To fix this, the points can be modified. If only one is supposed to be kept, then the other two points can be shrunk towards it until they lie on an approximation to the boundary. If two are supposed to be kept you want the shape to be a quadrilateral, so you would build that out of two triangles.
This function does that, assuming the input surf is the output of computeContour3d:
boundSurface <- function(surf, boundFn, bound = 0, greater = TRUE) {
# Surf is n x 3: each row is a point, triplets are triangles
values <- matrix(boundFn(surf) - bound, 3)
# values is (m = n/3) x 3: each row is the boundFn value at one point
# of a triangle
if (!greater)
values <- -values
keep <- values >= 0
# counts is m vector counting number of points to keep in each triangle
counts <- apply(keep, 2, sum)
# result is initialized to an empty array
result <- matrix(nrow = 0, ncol = 3)
# singles is set to all the rows of surf where exactly one
# point in the triangle is kept, say s x 3
singles <- surf[rep(counts == 1, each = 3),]
if (length(singles)) {
# singleValues is a subset of values where only one vertex is kept
singleValues <- values[, counts == 1]
singleIndex <- 3*col(singleValues) + 1:3 - 3
# good is the index of the vertex to keep, bad are those to fix
good <- apply(singleValues, 2, function(col) which(col >= 0))
bad <- apply(singleValues, 2, function(col) which(col < 0))
for (j in 1:ncol(singleValues)) {
goodval <- singleValues[good[j], j]
for (i in 1:2) {
badval <- singleValues[bad[i,j], j]
alpha <- goodval/(goodval - badval)
singles[singleIndex[bad[i,j], j], ] <-
(1-alpha)*singles[singleIndex[good[j], j],] +
alpha *singles[singleIndex[bad[i,j], j],]
}
}
result <- rbind(result, singles)
}
doubles <- surf[rep(counts == 2, each = 3),]
if (length(doubles)) {
# doubleValues is a subset of values where two vertices are kept
doubleValues <- values[, counts == 2]
doubleIndex <- 3*col(doubleValues) + 1:3 - 3
doubles2 <- doubles
# good is the index of the vertex to keep, bad are those to fix
good <- apply(doubleValues, 2, function(col) which(col >= 0))

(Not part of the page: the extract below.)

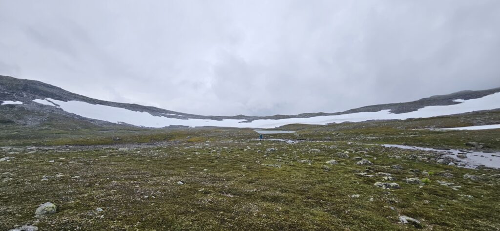 Das Børgefjell weckt uns mit Regen. Also heißt es: alles im Zelt sitzend einpacken. Gefrühstückt wird gemeinsam bei mir im Zelt – zu zweit ist selbst das schlechteste Wetter nur halb so schlimm.

bad <- apply(doubleValues, 2, function(col) which(col < 0))
newvert <- matrix(NA, 2, 3)
for (j in 1:ncol(doubleValues)) {
badval <- doubleValues[bad[j], j]
for (i in 1:2) {
goodval <- doubleValues[good[i,j], j]
alpha <- goodval/(goodval - badval)
newvert[i,] <-
(1-alpha)*doubles[doubleIndex[good[i,j], j],] +
alpha *doubles[doubleIndex[bad[j], j],]
}
doubles[doubleIndex[bad[j], j],] <- newvert[1,]
doubles2[doubleIndex[good[1,j], j],] <- newvert[1,]
doubles2[doubleIndex[bad[j], j],] <- newvert[2,]
}
result <- rbind(result, doubles, doubles2)
}
# Finally add all the rows of surf where the whole
# triangle is kept
rbind(result, surf[rep(counts == 3, each = 3),])
}
You would use it after computeContour3d and before makeTriangles, e.g.
fn <- function(x) {
apply(x^2, 1, sum)
}
drawScene.rgl(makeTriangles(boundSurface(surf, fn, bound = 4.8^2,
greater = FALSE),
smooth = TRUE))
Here's the output I see:
It's not quite as good as yours, but it would work for many different boundary functions.
Edited to add: Version 0.100.26 of rgl now has a function clipMesh3d which incorporates these ideas.